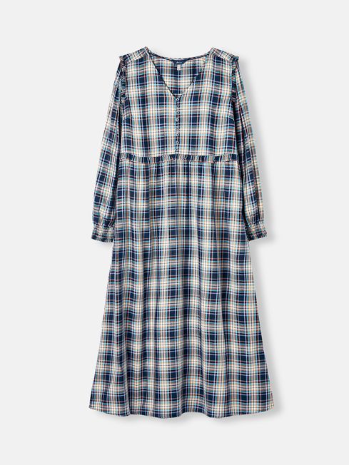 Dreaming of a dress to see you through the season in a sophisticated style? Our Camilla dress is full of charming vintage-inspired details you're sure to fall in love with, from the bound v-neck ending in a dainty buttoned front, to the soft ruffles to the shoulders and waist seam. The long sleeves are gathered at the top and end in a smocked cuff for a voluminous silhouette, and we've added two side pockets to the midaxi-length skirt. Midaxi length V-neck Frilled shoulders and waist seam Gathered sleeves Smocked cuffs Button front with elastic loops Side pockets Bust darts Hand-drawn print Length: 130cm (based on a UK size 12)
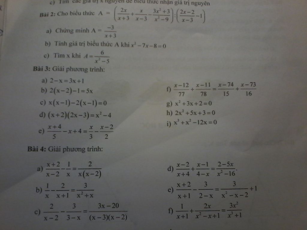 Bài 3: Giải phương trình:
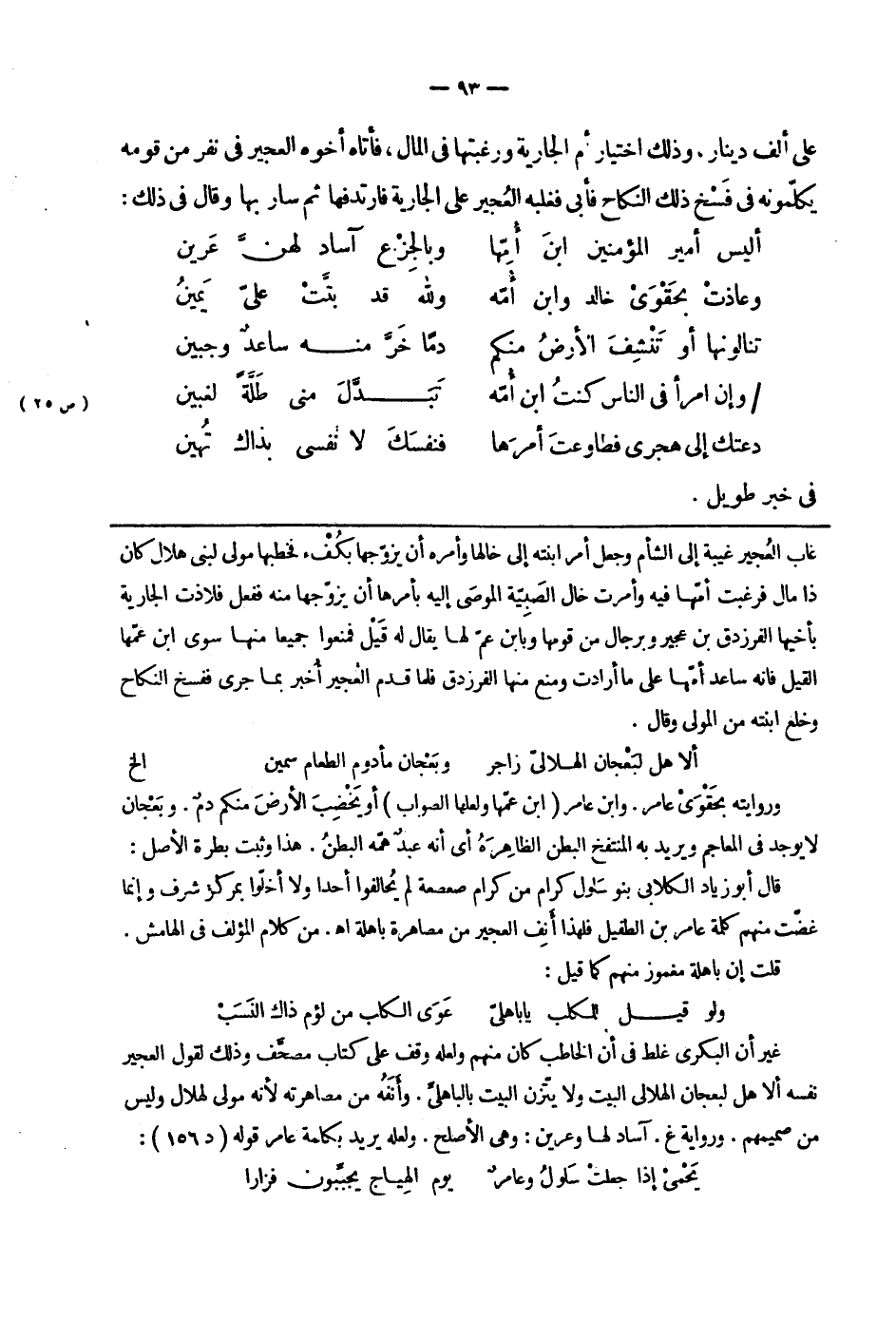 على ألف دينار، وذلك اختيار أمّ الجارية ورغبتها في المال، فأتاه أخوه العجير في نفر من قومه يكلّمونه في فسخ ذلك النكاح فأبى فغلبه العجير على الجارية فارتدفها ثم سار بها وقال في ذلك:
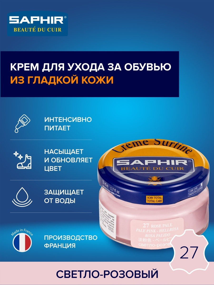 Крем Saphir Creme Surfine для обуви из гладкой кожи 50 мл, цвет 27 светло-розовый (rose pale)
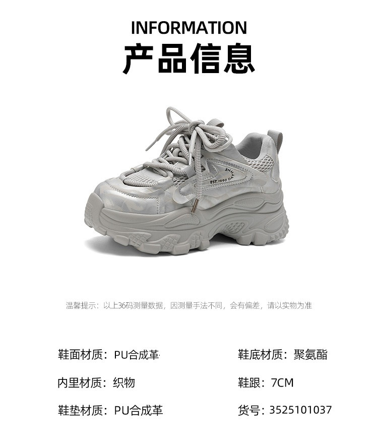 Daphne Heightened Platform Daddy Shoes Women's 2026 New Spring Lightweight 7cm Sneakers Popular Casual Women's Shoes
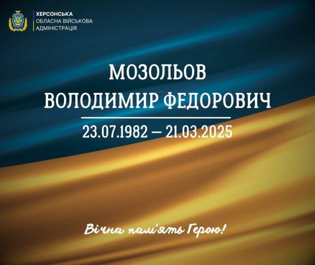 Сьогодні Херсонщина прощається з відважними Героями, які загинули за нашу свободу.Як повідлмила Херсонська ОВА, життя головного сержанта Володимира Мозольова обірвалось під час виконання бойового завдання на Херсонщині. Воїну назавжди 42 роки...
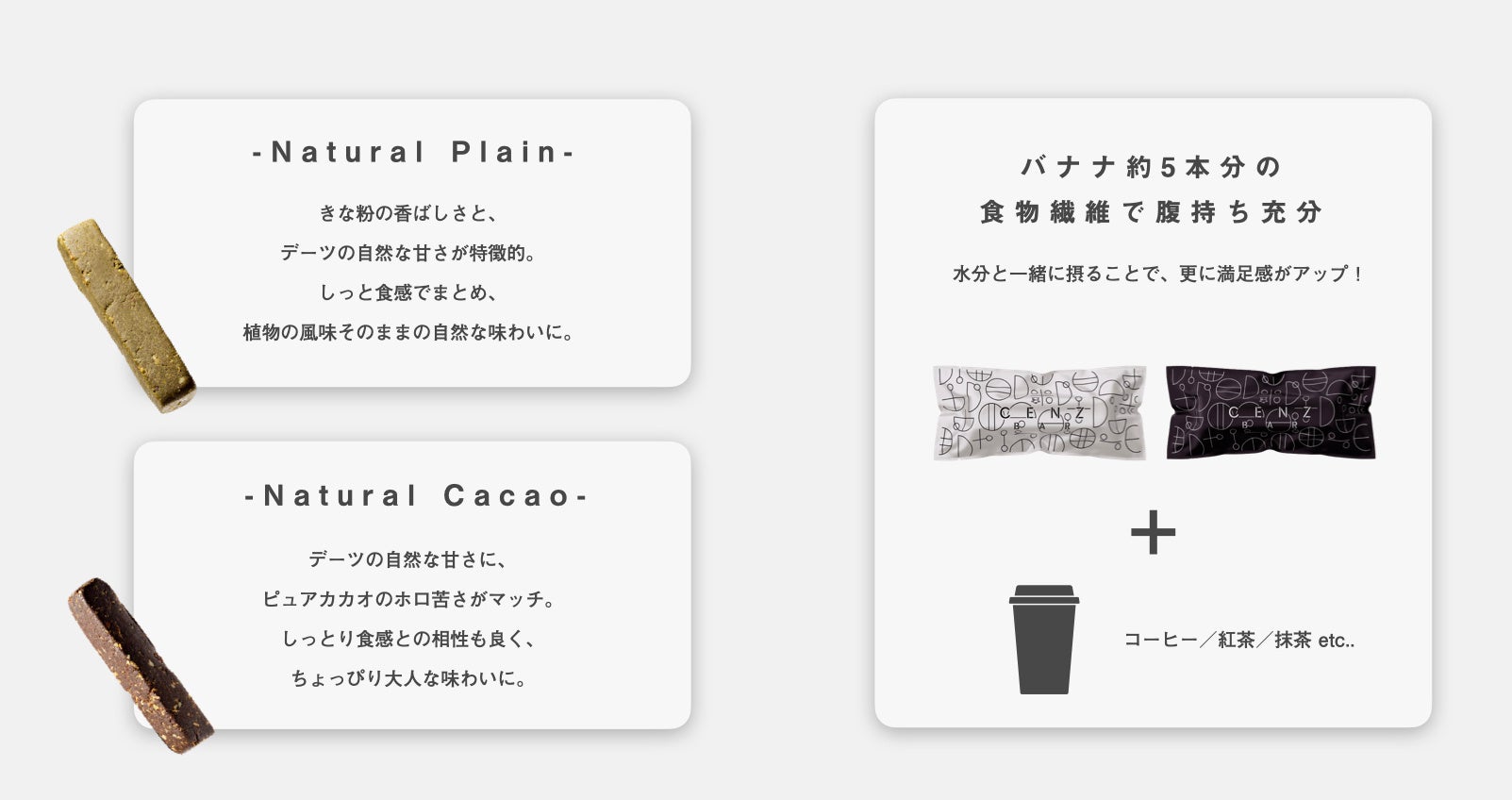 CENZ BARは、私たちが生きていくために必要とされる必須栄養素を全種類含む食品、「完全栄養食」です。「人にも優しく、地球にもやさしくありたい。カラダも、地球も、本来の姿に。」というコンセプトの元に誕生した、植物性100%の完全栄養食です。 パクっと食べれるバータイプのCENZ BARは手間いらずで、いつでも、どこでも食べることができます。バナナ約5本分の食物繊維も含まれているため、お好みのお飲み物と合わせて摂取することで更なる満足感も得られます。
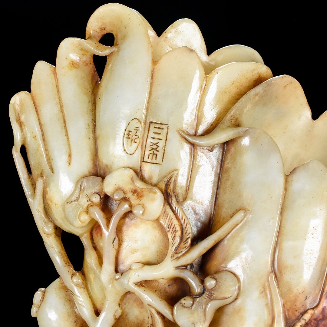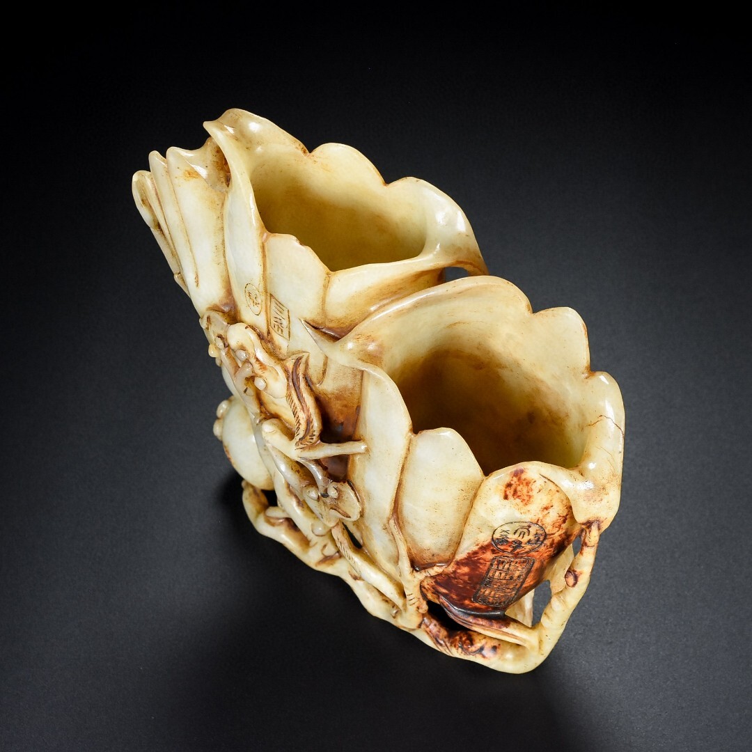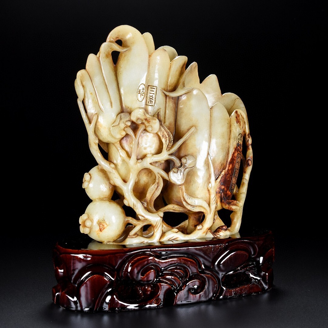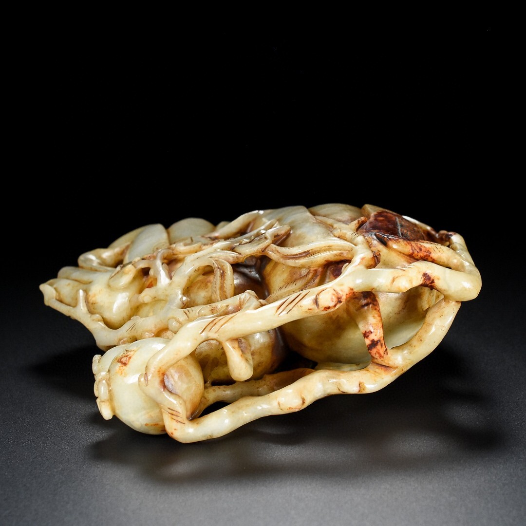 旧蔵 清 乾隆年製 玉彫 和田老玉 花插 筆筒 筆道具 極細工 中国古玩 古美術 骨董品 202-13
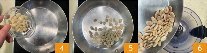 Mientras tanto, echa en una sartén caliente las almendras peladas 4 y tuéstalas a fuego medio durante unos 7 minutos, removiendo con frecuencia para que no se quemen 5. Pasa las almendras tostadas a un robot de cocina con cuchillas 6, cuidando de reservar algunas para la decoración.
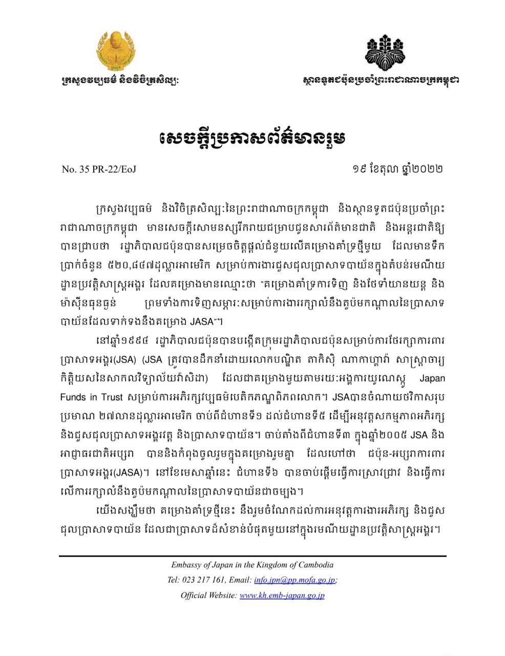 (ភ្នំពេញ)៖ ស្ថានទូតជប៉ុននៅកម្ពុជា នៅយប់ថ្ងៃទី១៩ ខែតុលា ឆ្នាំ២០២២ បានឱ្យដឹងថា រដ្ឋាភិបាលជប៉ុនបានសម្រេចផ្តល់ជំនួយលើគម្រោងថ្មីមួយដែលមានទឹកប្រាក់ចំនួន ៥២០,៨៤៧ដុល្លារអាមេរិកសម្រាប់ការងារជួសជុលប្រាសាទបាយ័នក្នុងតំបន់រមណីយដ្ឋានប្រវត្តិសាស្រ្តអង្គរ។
==*==
> _Exercise goal_
Every record must be duplicated exactly, except for the pictures, which are left out.

> _Solution_
 Dreaming of a dress to see you through the season in a sophisticated style? Our Camilla dress is full of charming vintage-inspired details you're sure to fall in love with, from the bound v-neck ending in a dainty buttoned front, to the soft ruffles to the shoulders and waist seam. The long sleeves are gathered at the top and end in a smocked cuff for a voluminous silhouette, and we've added two side pockets to the midaxi-length skirt. Midaxi length V-neck Frilled shoulders and waist seam Gathered sleeves Smocked cuffs Button front with elastic loops Side pockets Bust darts Hand-drawn print Length: 130cm (based on a UK size 12)
 Bài 3: Giải phương trình:
 على ألف دينار، وذلك اختيار أمّ الجارية ورغبتها في المال، فأتاه أخوه العجير في نفر من قومه يكلّمونه في فسخ ذلك النكاح فأبى فغلبه العجير على الجارية فارتدفها ثم سار بها وقال في ذلك:
 Крем Saphir Creme Surfine для обуви из гладкой кожи 50 мл, цвет 27 светло-розовый (rose pale)
 Daphne Heightened Platform Daddy Shoes Women's 2026 New Spring Lightweight 7cm Sneakers Popular Casual Women's Shoes
 Сьогодні Херсонщина прощається з відважними Героями, які загинули за нашу свободу.Як повідлмила Херсонська ОВА, життя головного сержанта Володимира Мозольова обірвалось під час виконання бойового завдання на Херсонщині. Воїну назавжди 42 роки...
 CENZ BARは、私たちが生きていくために必要とされる必須栄養素を全種類含む食品、「完全栄養食」です。「人にも優しく、地球にもやさしくありたい。カラダも、地球も、本来の姿に。」というコンセプトの元に誕生した、植物性100%の完全栄養食です。 パクっと食べれるバータイプのCENZ BARは手間いらずで、いつでも、どこでも食べることができます。バナナ約5本分の食物繊維も含まれているため、お好みのお飲み物と合わせて摂取することで更なる満足感も得られます。
 旧蔵 清 乾隆年製 玉彫 和田老玉 花插 筆筒 筆道具 極細工 中国古玩 古美術 骨董品 202-13
 Mientras tanto, echa en una sartén caliente las almendras peladas 4 y tuéstalas a fuego medio durante unos 7 minutos, removiendo con frecuencia para que no se quemen 5. Pasa las almendras tostadas a un robot de cocina con cuchillas 6, cuidando de reservar algunas para la decoración.
 (ភ្នំពេញ)៖ ស្ថានទូតជប៉ុននៅកម្ពុជា នៅយប់ថ្ងៃទី១៩ ខែតុលា ឆ្នាំ២០២២ បានឱ្យដឹងថា រដ្ឋាភិបាលជប៉ុនបានសម្រេចផ្តល់ជំនួយលើគម្រោងថ្មីមួយដែលមានទឹកប្រាក់ចំនួន ៥២០,៨៤៧ដុល្លារអាមេរិកសម្រាប់ការងារជួសជុលប្រាសាទបាយ័នក្នុងតំបន់រមណីយដ្ឋានប្រវត្តិសាស្រ្តអង្គរ។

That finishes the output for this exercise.